The human brain is extremely efficient at identifying different kinds of actions. For example, you see immediately whether somebody is walking or jogging, even if the leg movements look quite similar. Furthermore, the amount of information you need to perform such a categorization is very limited. This point was established by Johansson in a series of ground breaking psychophysical experiments in the 1950’s (Johansson 1973). He developed a patch-light technique for analysing biological motion where no direct shape information is available. He attached light bulbs to the joints of actors who were dressed in black and moved in a black room. The actors were filmed performing actions such as walking, running, and dancing. Subjects who watched the movements of the lights (but saw nothing else) categorized the actions within a fraction of a second.

These experiments show that that the surfaces of the agents performing the action are not required for identifying and categorising the actions. A movie containing only stick figures performing the same movements is sufficient. (In passing, it should be mentioned that this observation confirms Johansson’s rigidity principle.) So what kind of information is used in such a categorisation?

Runesson (Runesson 1994, pp. 386–387; see also Wolff 2008) claims that people can directly perceive the forces that control different kinds of motion:

“The fact is that we can see the weight of an object handled by a person. The fundamental reason we are able to do so is exactly the same as for seeing the size and shape of the person’s nose or the colour of his shirt in normal illumination, namely that information about all these properties is available in the optic array.”
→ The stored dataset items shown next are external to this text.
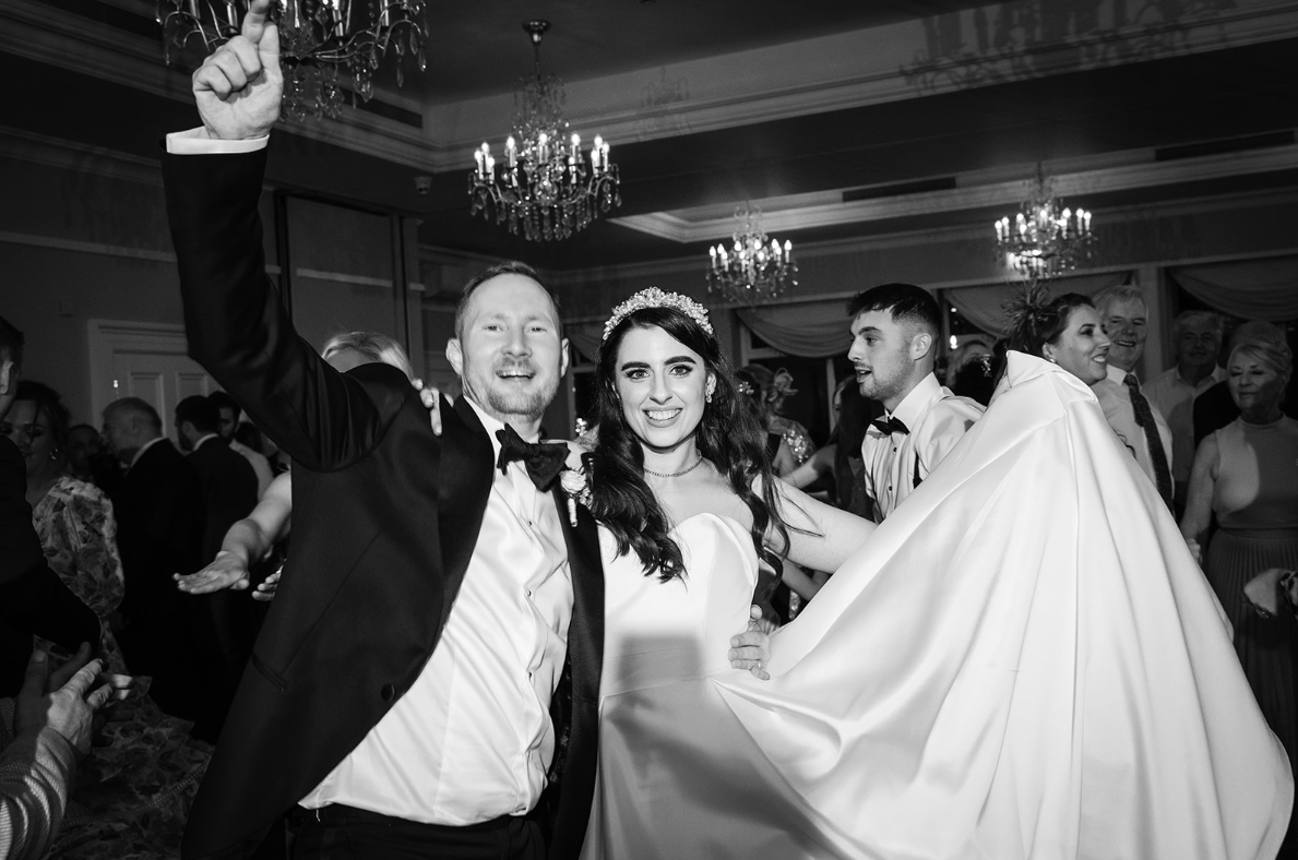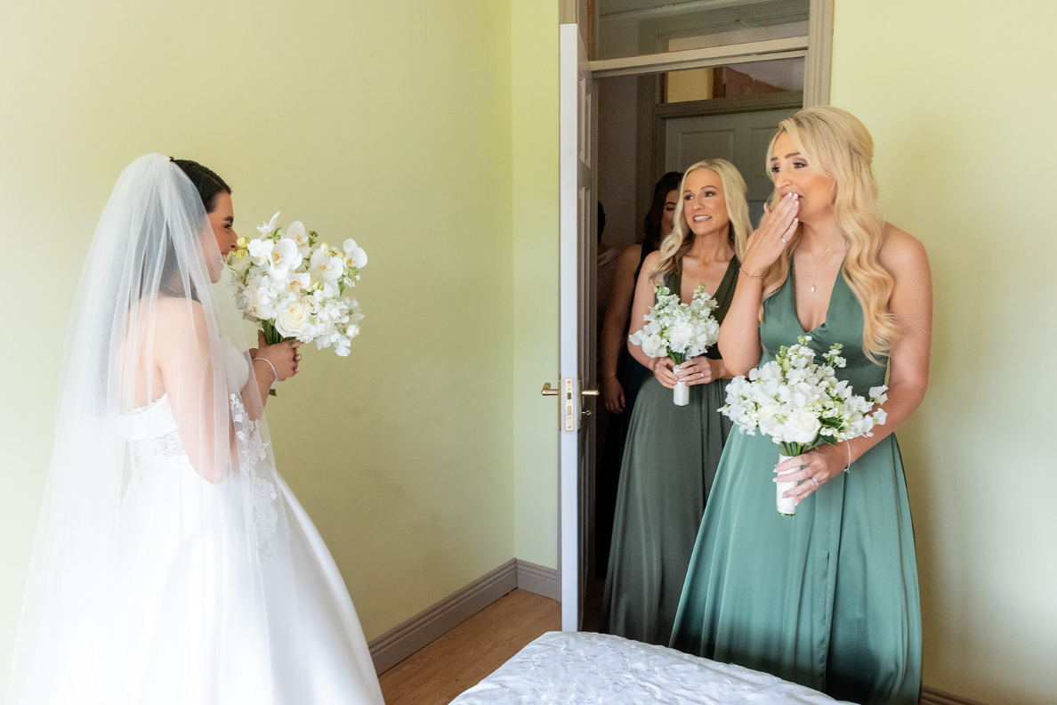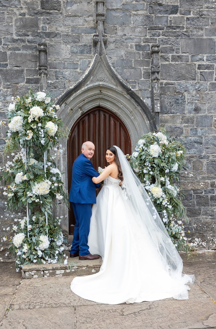 One of my best friends told me to try one more in Galway. She said you mightn’t find your dress, but you will come out of the appointment with a clearer head. Fast forward to meeting Eoghan in Thistles, I found the one! Eoghan was direct and honest, I loved the honesty! I went with a strapless Mikado gown by Justin Alexander, as it had gorgeous beading on the back and was the perfect mix of modern and preppy! I matched it with a cathedral-length veil and simple diamond accessories. For the evening, I changed into a fully beaded floor-length dress with a slit by Nadine Merabi. It was so fun to wear and fit so well without any alterations.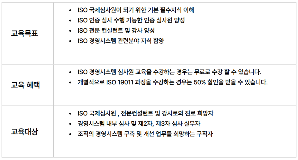 ISO 19011 과정은  심사원 공통교육과정 으로 모든 심사원 과정의 기본이 되는 과정으로  심사원이 전반적으로 갖춰야 하는 태도, 역량, 심사 수행 방법, 심사 프로그램 관리, 심사원 적격성 등을 이해를 증진 시키는 것을 목적으로 하고 있습니다.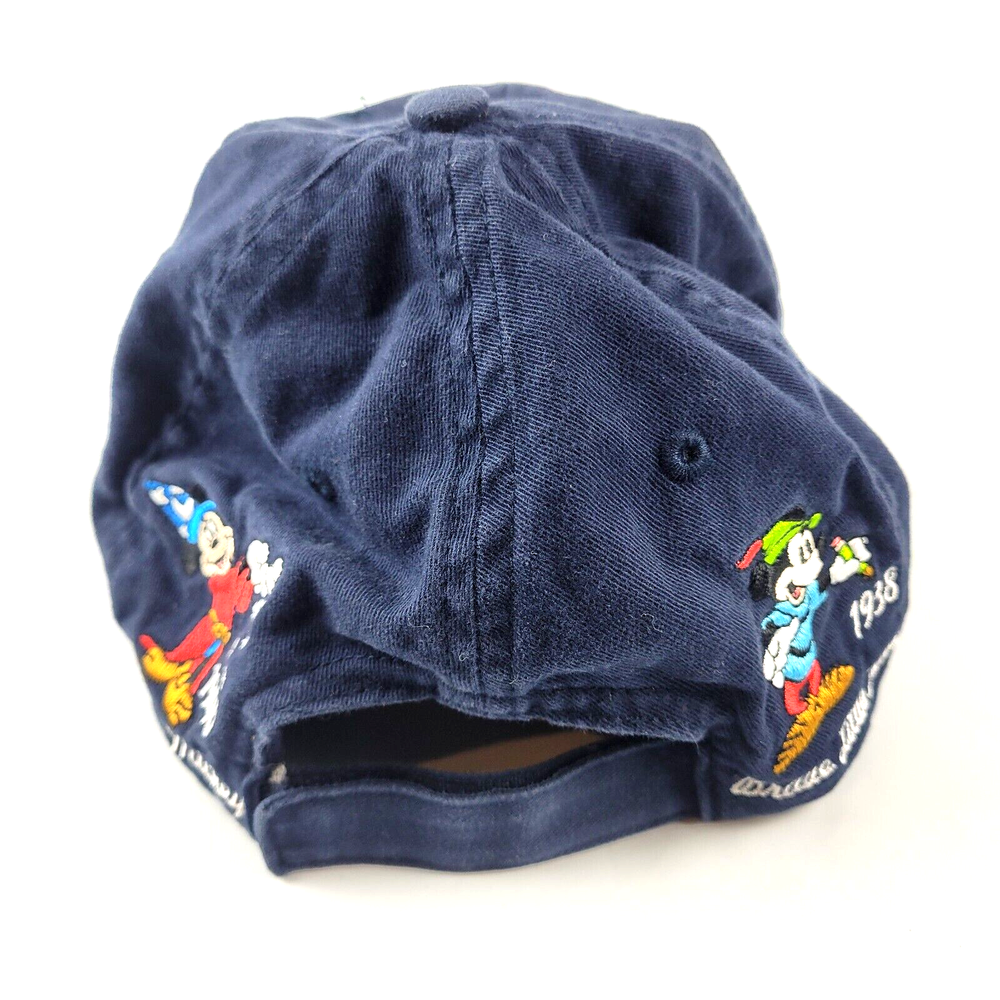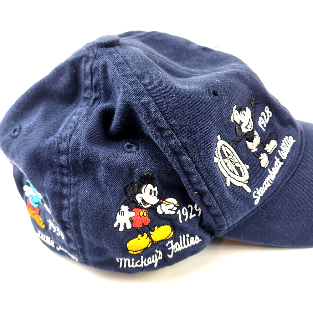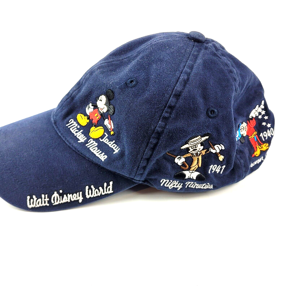 Get ready to show off your love for all things Disney with this Walt Disney World Evolution Of Mickey baseball cap. Featuring an adjustable hook and closure, this unisex one size fits all hat is made of high-quality cotton, ensuring both comfort and durability. The blue color and solid pattern give it a stylish and trendy look, perfect for any casual occasion. The hat boasts a fun and playful theme, showcasing the evolution of the beloved cartoon character Mickey Mouse through the years. It also features cute images of various animals and transportation, adding to its charm. This vintage-inspired cap is a must-have for any Disney fan and is sure to make a statement wherever you go.

He summarizes this as that the kinematics of a movement contains sufficient information to identify the underlying dynamic force patterns. This thesis is formulated with respect to biological motion. I speculate that it extends to other forms of motion as well. I have hypothesized that the brain automatically extracts the forces that lie behind different kinds of movements and other actions (Gärdenfors and Warglien 2012; Gärdenfors 2014). Furthermore, the process is automatic: one cannot help but perceive the forces. For example, the pattern of forces involved in the movements of a person running is different from the pattern of forces of a person walking; likewise, the pattern of forces for saluting is different from the pattern of forces for throwing.Footnote 9 Just as for shapes, the space within which force patterns are located can be treated as a separate perceptual domain, with its unique structure of similarities. Of course, the perception of forces is not perfect; people are prone to illusions, just as in all types of perception (Johansson 1964, 1973).

An important consequence of this hypothesis is that the individuals or objects involved in an action are not part of the representation of the action, but only the forces are involved. I speak of patterns of forces since, for bodily motions, several body parts are involved; and thus, several force vectors are interacting (by analogy with Marr and Vaina’s (1982) differential equations). Again, these patterns form the invariants that I submit generate the structure of actions. However, the invariants that pertain to actions are different from both those for objects and those for space. In particular, the patterns are neither dependent on the location of the acting object, nor of its surface properties. However, the more precise structure of action space remains to be investigated. As for space and objects, the structure generated by the invariants involves a considerable reduction in dimensions.

It should be noted that similar arguments can be applied to speech. Gibson (1966, 93) identifies some of the invariants of speech: “[P]honemes are transposable over the dimensions of pitch, loudness and duration, and […] the stimulus information for detecting them is invariant under the transformations of frequency, intensity and time.” Browman and Goldstein (1990) describe the act of uttering a word as a ‘score of gestures’ where the gestures are performed, not by the hands, but by the five vocal organs of velum, tongue tip, tongue body, lips, and glottis. They then describe the utterance of a word as a temporal sequence – a score – of activation of these organs. Such a score can be re-described as a temporal pattern of force vectors. Browman and Goldstein’s description of the patterns as ‘vocal gestures’ underlines this analogy.

3.5 The Brain is Prepared to Find Invariances

The main conclusion to be drawn from the preceding subsections is that the primary domains for space, objects and actions can be generated from the invariants that apply to each of the three domains. Thus the same method has been used to identify the domains. It should be noted, however, that the sets of invariants are distinct for the three structures: For space, the main invariants are relative distances that are also invariant of time. Object locations may change rapidly, but object identity changes rarely, or slowly. Thus object categories are invariant of location in space. Furthermore, the relative positions of the parts of objects show more or less strict invariants. Other properties of objects, such as relative colours, may, also be invariant. For actions, finally, the invariants pertain to force patterns. In brief, the set of invariants for the three primary knowledge domains are more or less disjoint, which is an argument for why the domains are represented separately.Footnote 10 This analysis must be developed in more detail, but if valid, it would provide a strong argument for why these domains are indeed primary and universal among humans.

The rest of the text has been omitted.